Problems with power lines are relatively common during windstorms and have caused some of the nation’s worst wildfires.
One of the largest fires in New Mexico history erupted after a tree fell on a power line in 2011. That year, authorities suspect the most destructive firestorm recorded in Texas began after winds blew dead pine trees into electrical lines.
In California, San Diego Gas & Electric Co. paid out $2.4 billion to settle lawsuits spurred by a series of wildfires in 2007 sparked by electrical equipment blown about by powerful winds. Of the 10 most destructive wildfires fires in California with a known cause, four were found to be started by malfunctioning electrical equipment.
“This has been a slow-moving catastrophe for the public utilities in California,” said Mike Rohde, a consultant based in Orange County for firefighting agencies and public utilities. “The liability generated from wildfires has threatened the financial integrity of some of these companies.”
While many experts consider damaged power lines one of the most likely culprits for the Wine Country fires, the conditions that night — strong winds, low humidity and years of built-up vegetation dried by drought — would have made any spark a threat.

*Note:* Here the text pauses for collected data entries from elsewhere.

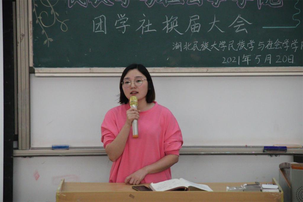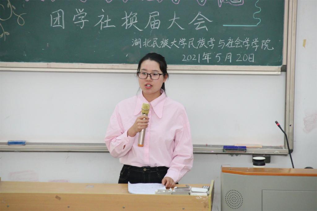 本网讯(记者 周树洋 张瑶/文 鲁心雨 刘睿/图)为更好的打造“奋进”、“智慧”、“健康”、“创新”“和谐”五个民社,培养德才兼备、团结友爱的学生干部队伍,5月20日,我院在修远楼5B404学术报告厅举行我院第六届学生干部换届大会。我院学生科科长张冰,团总支书记熊霞,学生科老师顿山受邀出席本次活动,我院团学社组织全体成员和大一大二各支部代表参与本次活动。
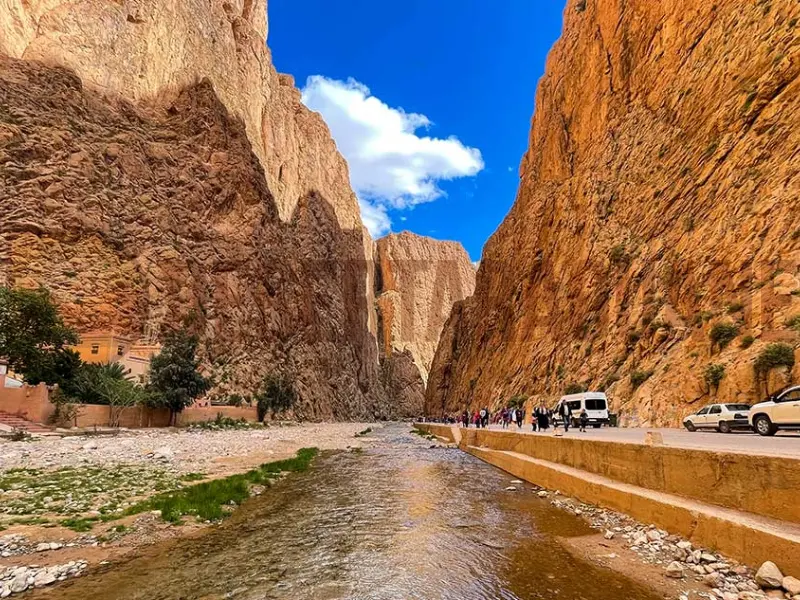 Optional sunrise camel trek over the dunes. Drive to Todra Gorge for hiking and photos. Continue to the Dades Valley, known as the “Valley of a Thousand Kasbahs.” Overnight in a riad/hotel in Dades or nearby.
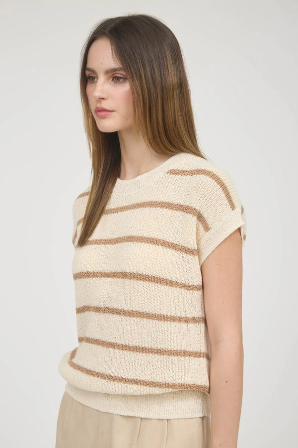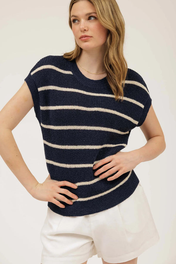 Get effortlessly chic with our Effortless Style Sweater Top! With its classic stripe pattern and relaxed fit, this knit pullover top is a go-to choice for any occasion. The extended drop shoulder adds a touch of sophistication to this elevated style. Available in Ivory, Light Khaki, and Navy.

A vehicle dragging a chain, unextinguished burn piles rekindled by the wind, and arsonists all have caused fires to break out in many places over a short period of time, said Paul Steensland, a former fire investigator and retired U.S. Forest Service senior special agent.
Electrical fires almost always leave some physical evidence, which investigators will probably search for. Remnants of a branch that hit a power line, pieces of aluminum that melted and fell to the ground, and remains of a blown fuse are commonly present.
If the soil composition is right, something called a fulgurite can also be created — fused soil that looks like coral.
Cal Fire has not set a definitive timeline for completing its investigation, but at a state senate subcommittee hearing in Santa Rosa on Friday, Chief Ken Pimlott said that more than 30 investigators are searching for what started the Wine Country fires, and that each blaze will have its own report.
“It’s painstaking, and as you indicated, there’s a lot at stake,” Pimlott told the legislators, many of whom are eagerly seeking answers about about the disaster. “Hopefully, in the next several months, we’ll be reaching a conclusion on many of these . … I can tell you the process is very far along.”